Source landing semantics
Some sources—especially API and SaaS connectors—declare how each namespace’s data must land in the warehouse. Skippr calls this a namespace contract. Contracts are separate from column types discovered by skippr discover.
Namespace contracts
For every table (namespace) a source can emit, the source plugin publishes a contract that includes:
| Field | Meaning |
|---|---|
| Primary key | Logical row identity (business dimensions plus identifiers such as property_id and date) |
| Partition key | Columns that define a physical slice for partition-scoped writes (often date for daily reports) |
| Write policy | How the configured data sink must apply each batch |
| Refresh window | Optional number of days to re-fetch before the checkpoint (for APIs that revise past days) |
| Semantics | Descriptor such as mutable_report (informational; does not change engine behavior by itself) |
The host validates contracts when a source starts and checks that your pipeline’s data sink supports every declared write policy.
Write policies
| Policy | Use when | Typical sources |
|---|---|---|
append | Rows are immutable or append-only | Event streams, webhooks |
merge_by_key | You need current state by business key | Entity snapshots (sink must support merge) |
replace_partition | A partition can be fully rewritten when numbers change | GA4 daily reports, other mutable report APIs |
replace_table | Small, bounded full snapshots | Reference dumps |
Mutable reports: APIs like GA4 can change metrics for dates you already synced. Appending new rows duplicates or conflicts with old values. replace_partition tells the sink to drop and rewrite the partition for the batch’s partition key values (for example date=2024-01-15) before writing new Parquet.

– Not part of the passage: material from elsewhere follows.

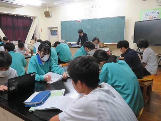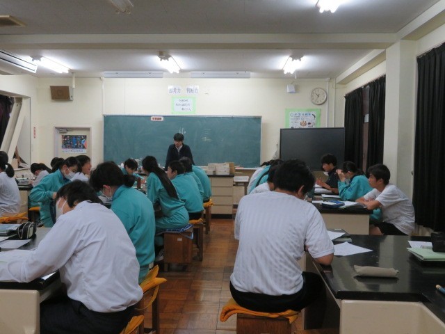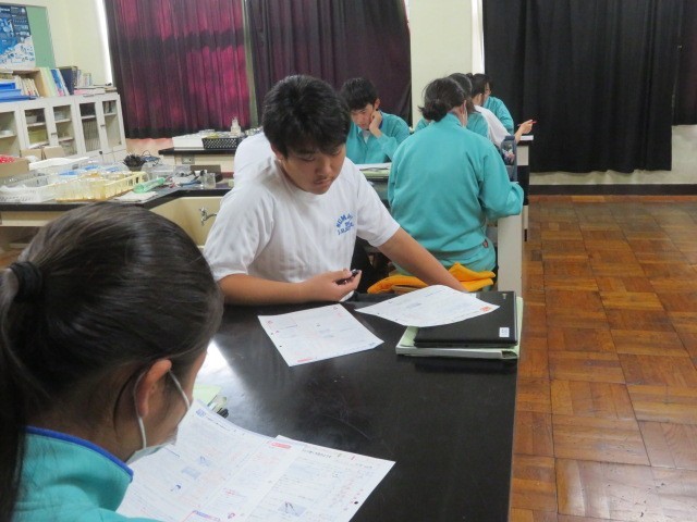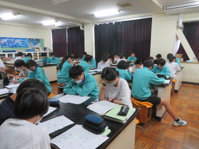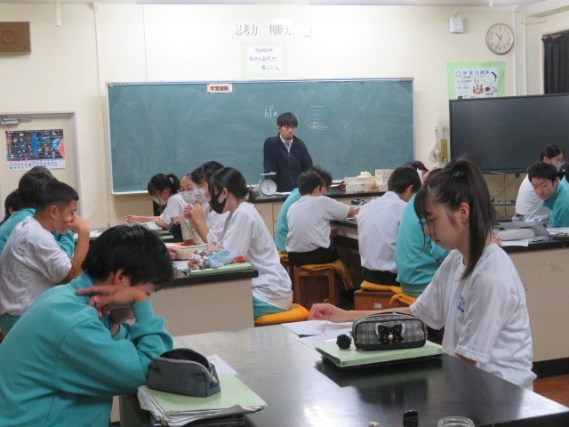 2年B組の理科の時間です。「地球を取りまく大気のようす」の単元テストが返却され、先生から解答の際に注意すべきについて確認がありました。今週の学力テストを前に再確認しておきたいですね。

Lookback / refresh window: The source re-pulls the last N days on each run so corrected API values overwrite the same partitions. Checkpoints record progress (for example last completed date); they do not by themselves prove the warehouse is correct without the matching write policy and lookback.
Destination pairing
| Data sink | replace_partition | Notes |
|---|---|---|
| Athena (S3 + Glue) | Supported | Deletes the contract partition prefix in S3, then writes new files; Glue partition keys follow the contract |
| Iceberg | Supported | Native partition replace |
| Append-only sinks | Not suitable for mutable report sources | Pipeline validation fails if the sink cannot honor the contract |
Pair mutable report sources with Athena or Iceberg and run skippr discover after the first sync so Glue/Iceberg schemas include contract partition columns.
Discover vs contracts
| Layer | Controls |
|---|---|
| Namespace contract | How batches land (append vs replace partition, partition columns) |
| Arrow / discovered schema | Column names and types in bronze |
Contract partition keys do not add columns by themselves; dimensions such as date must appear in the ingested records. Discovery and schema sinks align catalog DDL with both the contract and observed data.
Example: Google Analytics 4
GA4 curated daily namespaces use replace_partition on date, with lookback_days driving the refresh window. See Google Analytics (GA4) and Athena.
For plugin authors, see the maintainer guide API / SaaS source plugins in the skipprd repository.